EXERCISE DETAILS: Everything in the data below except the pictures must be repeated word for word.

THE DATA:
Segment Open
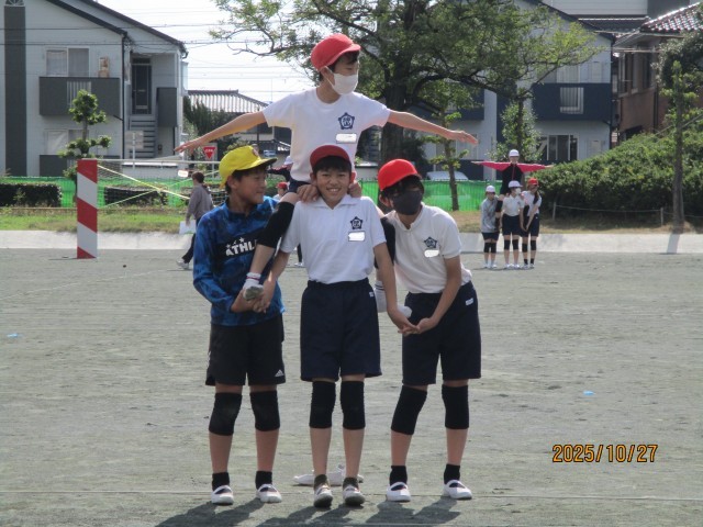 3年生は体育祭練習の隊形移動の練習やソーラン節の練習に取り組んでいます。ソーラン節で頑張る以外にもいろいろな隊形移動を覚えながら練習しています。子どもたちも素早く自分の隊形に移動するためにはどうすればよいかを考えて行っています。今後も隊形道の練習や表現のレベルアップを目指して頑張ります。
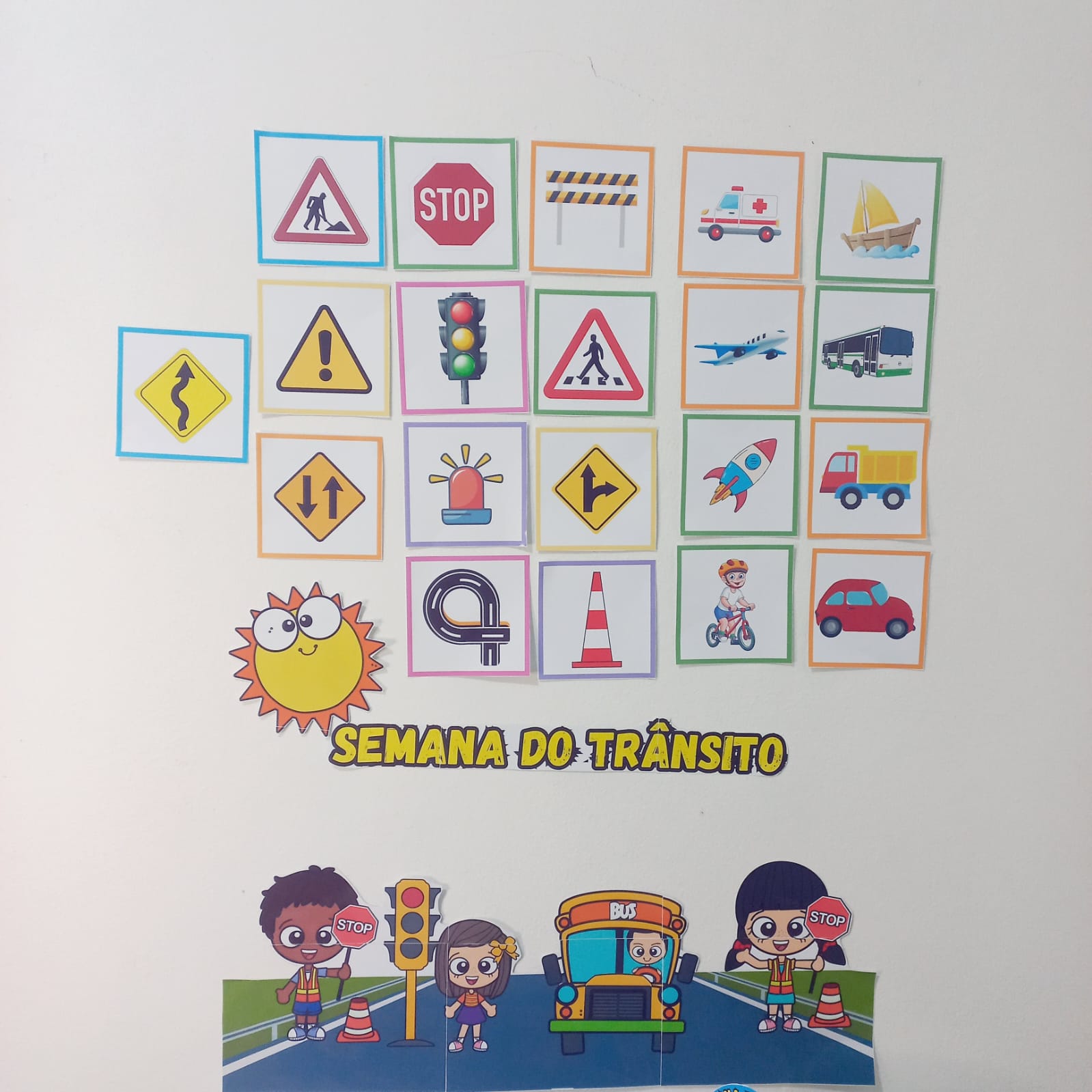 Placas com diversos tipos de transportes
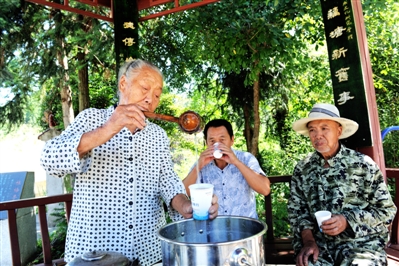涼亭中央的石桌上,大半缸川芎涼茶靜靜散發著香氣。村民們三五成群圍坐一起,邊喝涼茶邊消暑。一旁,滿頭銀發的徐桂梅則搖著蒲扇提醒大家慢點喝。
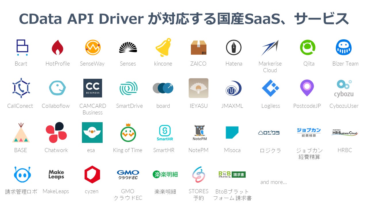 CData では、汎用のCData API Driver で使える事前定義されたコネクタProfiles を180種類以上提供しています。今回、新たに以下の国内有力SaaS のAPI に対応しました
Segment Closed
YOUR SOLUTION:
 3年生は体育祭練習の隊形移動の練習やソーラン節の練習に取り組んでいます。ソーラン節で頑張る以外にもいろいろな隊形移動を覚えながら練習しています。子どもたちも素早く自分の隊形に移動するためにはどうすればよいかを考えて行っています。今後も隊形道の練習や表現のレベルアップを目指して頑張ります。
 Placas com diversos tipos de transportes
涼亭中央的石桌上,大半缸川芎涼茶靜靜散發著香氣。村民們三五成群圍坐一起,邊喝涼茶邊消暑。一旁,滿頭銀發的徐桂梅則搖著蒲扇提醒大家慢點喝。
 CData では、汎用のCData API Driver で使える事前定義されたコネクタProfiles を180種類以上提供しています。今回、新たに以下の国内有力SaaS のAPI に対応しました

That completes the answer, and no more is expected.